*** DATA TO EXAMINE

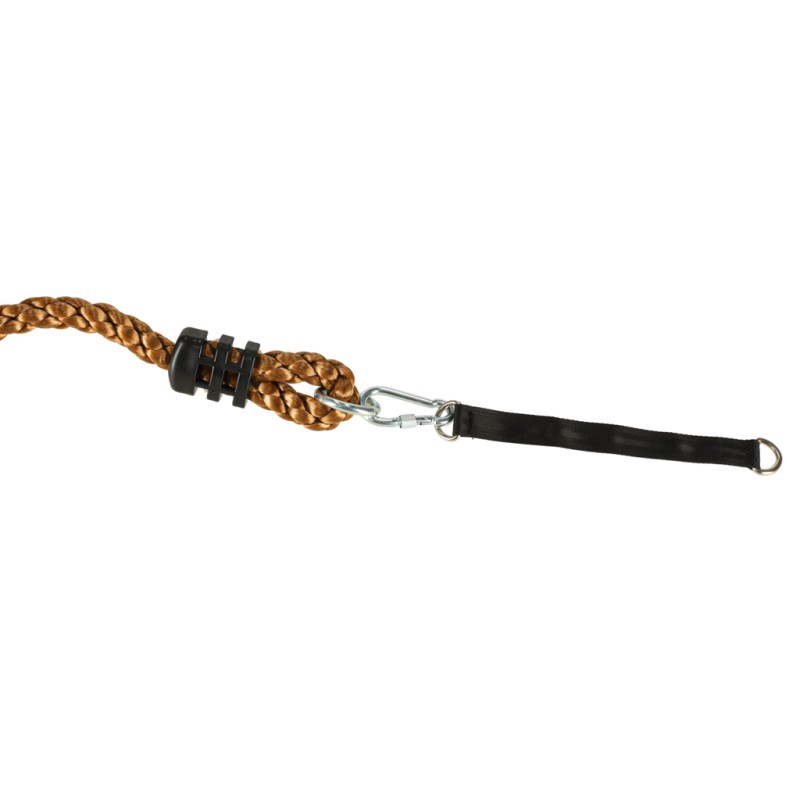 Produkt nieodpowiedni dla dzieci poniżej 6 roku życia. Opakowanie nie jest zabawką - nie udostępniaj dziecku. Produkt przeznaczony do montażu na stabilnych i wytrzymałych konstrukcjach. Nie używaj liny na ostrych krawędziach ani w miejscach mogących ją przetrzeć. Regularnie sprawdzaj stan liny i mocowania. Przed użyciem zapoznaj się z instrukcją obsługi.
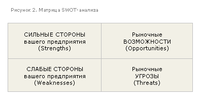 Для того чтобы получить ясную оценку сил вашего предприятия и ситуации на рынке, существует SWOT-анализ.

******
*** DATA TO EXAMINE

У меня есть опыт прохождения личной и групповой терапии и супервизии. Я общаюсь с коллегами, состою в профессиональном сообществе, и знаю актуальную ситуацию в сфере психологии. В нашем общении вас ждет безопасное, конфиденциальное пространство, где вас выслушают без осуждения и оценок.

******

WHAT YOU SHOULD DO: Write out word for word the lines of the listing above from the line with "Produkt nieodpowiedni dla" to the line with "Для того чтобы", taking in both of those lines but no pictures.

WRITTEN RESPONSE:
 Produkt nieodpowiedni dla dzieci poniżej 6 roku życia. Opakowanie nie jest zabawką - nie udostępniaj dziecku. Produkt przeznaczony do montażu na stabilnych i wytrzymałych konstrukcjach. Nie używaj liny na ostrych krawędziach ani w miejscach mogących ją przetrzeć. Regularnie sprawdzaj stan liny i mocowania. Przed użyciem zapoznaj się z instrukcją obsługi.
 Для того чтобы получить ясную оценку сил вашего предприятия и ситуации на рынке, существует SWOT-анализ.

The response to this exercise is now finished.